It was a year before he decided he was the person to do this, and having come to that decision he dedicated the rest of his life to the cause.

Clarkson's first act was to translate and expand his essay. In 1786, he took it to James Phillips, a printer and bookseller in London, who had already published anti-slavery tracts. He printed and sold the essay which proved popular and marked a turning point for British abolition.

Through Phillips he met other abolitionists, including Granville Sharp, and learned what they had been doing to further the cause. He decided to focus on removing the legal basis for the slave trade using public action to help achieve this. Clarkson was convinced that once the British public was informed of the true horrors of the slave trade and of slaves' treatment in the colonies, their anger could be translated into action in Parliament.

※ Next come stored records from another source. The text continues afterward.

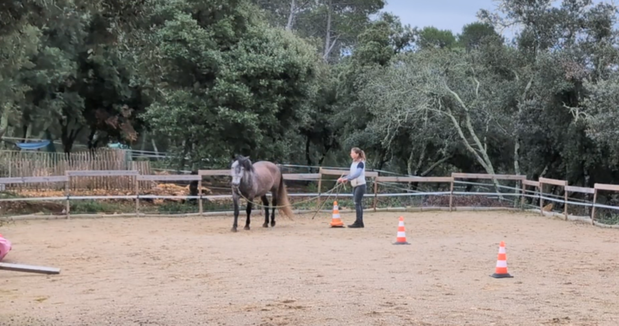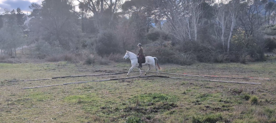 Résultats, on a réussi à boucler nos exercices sans problème et dans le calme. Nous n'avons juste pas pu faire la ruelle en L au galop car le terrain était trop gras et glissant.
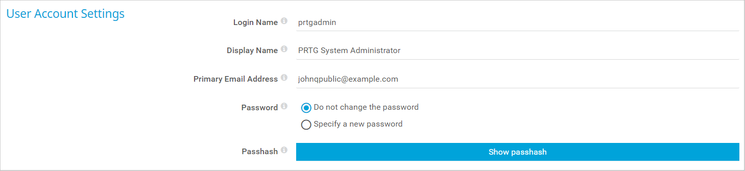 Click Show passhash to display the API passhash of the user account. This is recommended for authentication for the PRTG API.
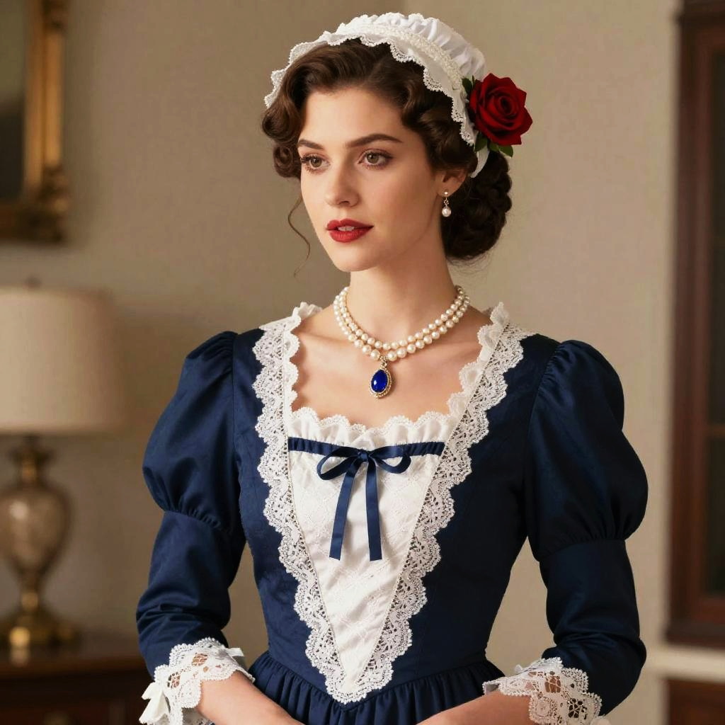 A woman dressed in a detailed Miss Elizabeth costume stands poised, featuring a navy blue dress with white lace accents and puffed sleeves, complemented by a white bonnet adorned with a red rose. The soft, cinematic lighting highlights her vintage-inspired hairstyle and elegant pearl necklace with a blue pendant, capturing the classic cosplay style with a refined editorial touch.
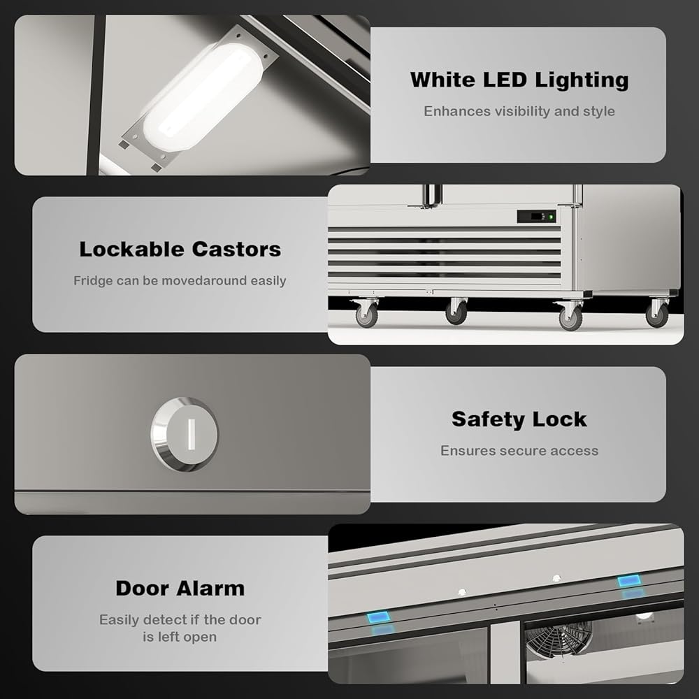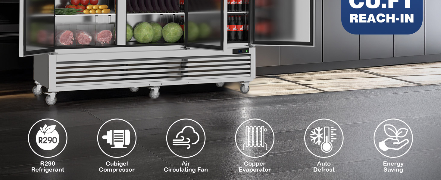 Optimal Cooling Performance: Equipped with advanced R290 refrigerant and an efficient compressor, our commercial refrigerator maintains a precise temperature range from 33℉ to 41℉, ensuring your food stays fresh while minimizing energy costs through its smart fan cooling system.Commercial reach-in refrigerator has a condensate evaporator, which removes the need for a floor drain connection.
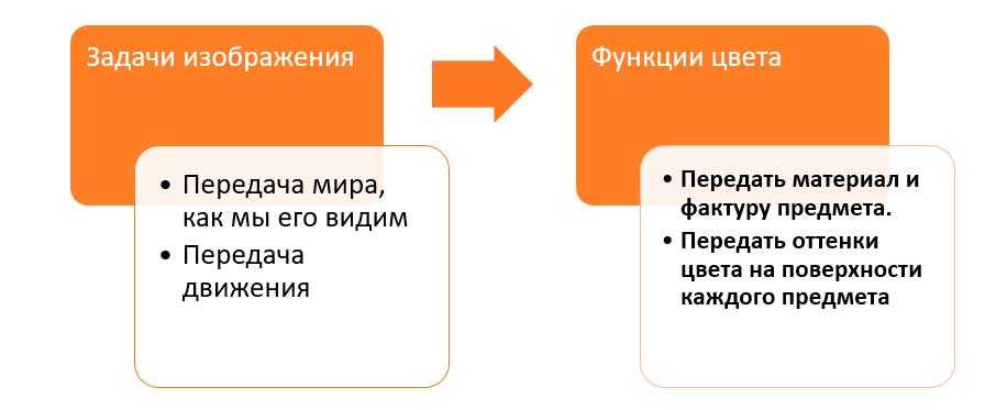 Обратите внимание, что в описании этого этапа нет ставшей нам привычной таблицы с задачами изображения и функциями цвета. Так как из выразительного средства цвет превращается в объект изображения
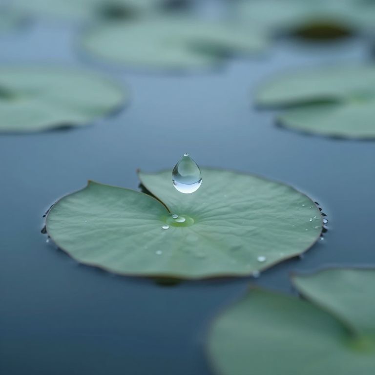 Suspended in a serene expanse of water, a solitary, ethereal droplet emerges as a symbol of infinite possibility, cradled by lily pads that whisper ancient stories of renewal and reflection, inviting contemplation amidst the quiet embrace of nature.
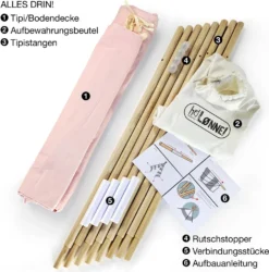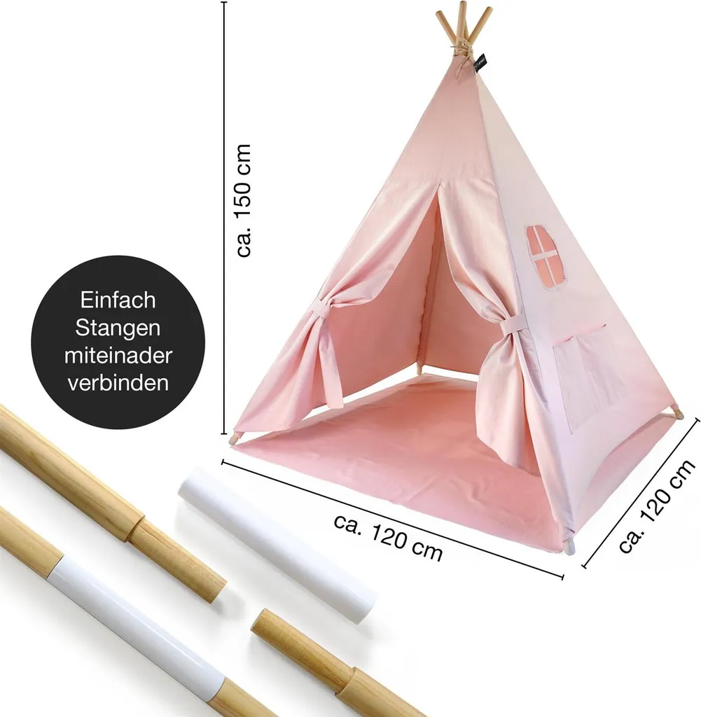 1x Tipi mit Fenster, inklusive Aufbewahrungsbeutel, Bodendecke, Rutschstopper, Aufbauset und Anleitung
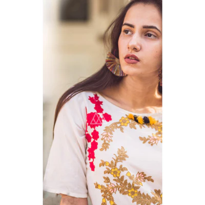 White Embroidered Linen Long Kurti
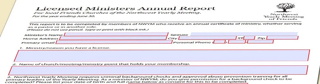 If you have been requested to fill out one of our annual reports you can find that form on this page. Please select the form you are responsible for. The forms are fillable pdf documents. You can download and fill out the forms and return them via email. You can also print them, hand-write the answers and send them through the mail. Thank you for taking the time to complete each form. These forms are used for a variety of purposes at the yearly meeting level. We expect each form to be completed to the best of your church’s ability.
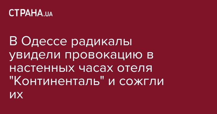 В Одессе радикалы увидели провокацию в настенных часах отеля "Континенталь" и сожгли их
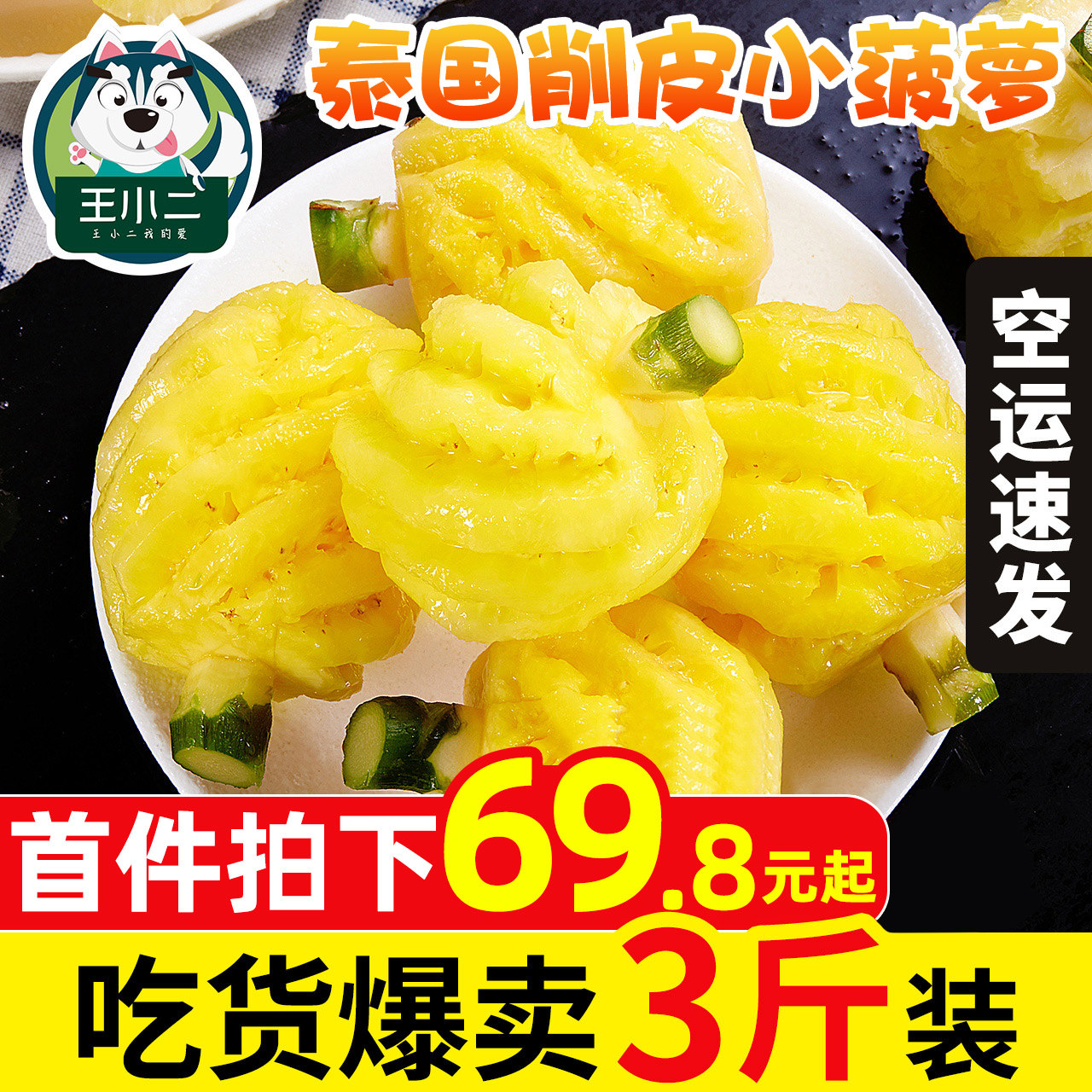 Тайский маленький ананасовый импорт должен приправить фрукты с пресной водой, целую коробку, ручные волны, ананасовый ананас, бесплатная доставка 3 фунта парабии

This led to Clarkson and William Wilberforce's most famous early meeting in 1787. Clarkson asked Bennet Langton, who was well-known in British society, to arrange a dinner so he could ask Wilberforce to champion the cause in Parliament. By the dinner's end, Wilberforce agreed. From then on they worked closely together.

On 22 May that year, the movement progressed when Clarkson, Sharp and 10 others met to form a committee with the express purpose of ending the slave trade as a first step towards total emancipation. Clarkson and Sharp were chosen to be its secretary and president respectively. They named themselves the Society for Effecting the Abolition of the Slave Trade.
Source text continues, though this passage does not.